Medical vision-language models based on deep learning can automatically extract image features and fuse them with text information, which has promoted the rapid development of multimodal medical artificial intelligence. However, the complexity of the medical field requires the model to have a deep professional knowledge background. Therefore, knowledge fusion technology provides a new idea for solving medical vision-language tasks. Different from the existing reviews, this paper systematically sorts out the knowledge fusion methods in medical vision-language models from two unique perspectives: the stage characteristics of knowledge fusion and the task-oriented fusion strategy, and provides a new theoretical framework for research in the field. Firstly, this paper introduces the classification of medical knowledge and its applicable scenarios in detail. Subsequently, we systematically discuss the knowledge fusion algorithm based on deep learning and summarize the four different knowledge fusion stages (data construction, pretraining, feature representation and inference) in the medical vision-language model. In addition, this paper comprehensively analyzes the specific strategies of knowledge fusion in five types of medical vision-language tasks (medical report generation, medical visual question answering, medical language-guided segmentation, medical multimodal pretraining, and multimodal large language model), and summarizes the evaluation methods based on knowledge fusion in detail.
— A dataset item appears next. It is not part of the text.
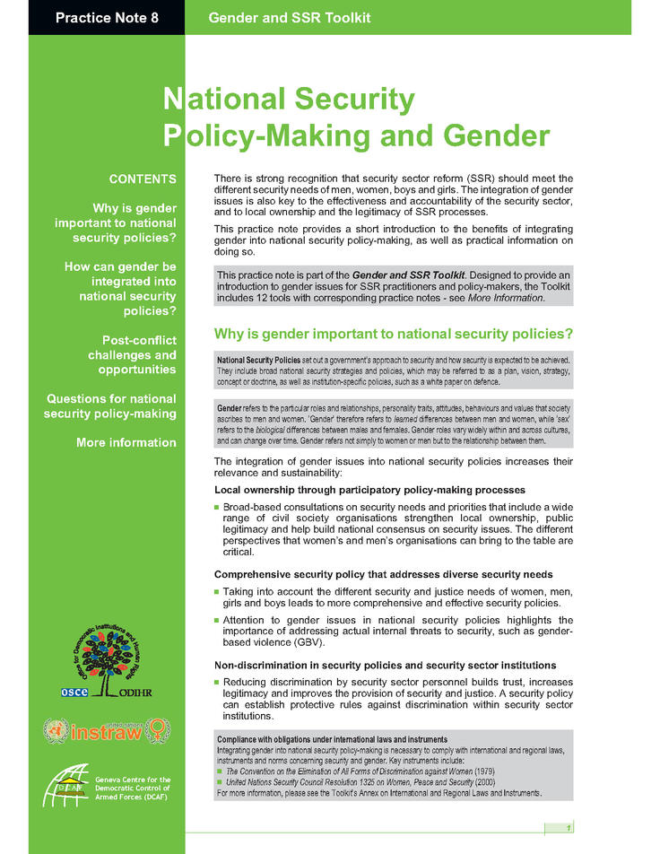 Gender and Security Sector Reform Toolkit - Practice Note 8

Finally, we summarize future research directions, including enhanced interpretability, mixture-of-experts models, knowledge editing, etc., aiming to provide researchers with references that have both theoretical value and practical significance.

查看原文本刊更多论文

基于深度学习的医学视觉语言模型中的知识融合研究进展

基于深度学习的医学视觉语言模型可以自动提取图像特征并与文本信息融合，促进了多模态医学人工智能的快速发展。然而，医学领域的复杂性要求模型具有深厚的专业知识背景。因此，知识融合技术为解决医学视觉语言任务提供了新的思路。与已有文献不同，本文从知识融合的阶段特征和任务导向的融合策略两个独特的视角对医学视觉语言模型中的知识融合方法进行了系统梳理，为该领域的研究提供了新的理论框架。本文首先详细介绍了医学知识的分类及其应用场景。随后，我们系统地讨论了基于深度学习的知识融合算法，总结了医学视觉语言模型中四个不同的知识融合阶段（数据构建、预训练、特征表示和推理）。此外，本文全面分析了五类医学视觉语言任务（医学报告生成、医学视觉问答、医学语言引导分割、医学多模态预训练、多模态大语言模型）中知识融合的具体策略，并详细总结了基于知识融合的评价方法。最后，总结了未来的研究方向，包括增强可解释性、专家混合模型、知识编辑等，旨在为研究者提供既有理论价值又有现实意义的参考。
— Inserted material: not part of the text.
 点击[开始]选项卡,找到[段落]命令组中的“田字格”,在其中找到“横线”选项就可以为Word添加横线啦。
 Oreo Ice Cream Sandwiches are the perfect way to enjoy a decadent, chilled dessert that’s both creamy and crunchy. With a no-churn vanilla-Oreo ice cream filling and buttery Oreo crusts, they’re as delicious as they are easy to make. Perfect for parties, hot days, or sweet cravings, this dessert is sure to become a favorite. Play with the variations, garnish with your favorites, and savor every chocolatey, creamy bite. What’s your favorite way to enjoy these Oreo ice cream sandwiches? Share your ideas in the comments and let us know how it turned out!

本文章由计算机程序翻译，如有差异，请以英文原文为准。

求助全文

约1分钟内获得全文求助全文

来源期刊

Information Fusion 工程技术-计算机：理论方法

CiteScore

33.20

自引率

4.30%

发文量

161

审稿时长

7.9 months

期刊介绍： Information Fusion serves as a central platform for showcasing advancements in multi-sensor, multi-source, multi-process information fusion, fostering collaboration among diverse disciplines driving its progress. It is the leading outlet for sharing research and development in this field, focusing on architectures, algorithms, and applications. Papers dealing with fundamental theoretical analyses as well as those demonstrating their application to real-world problems will be welcome.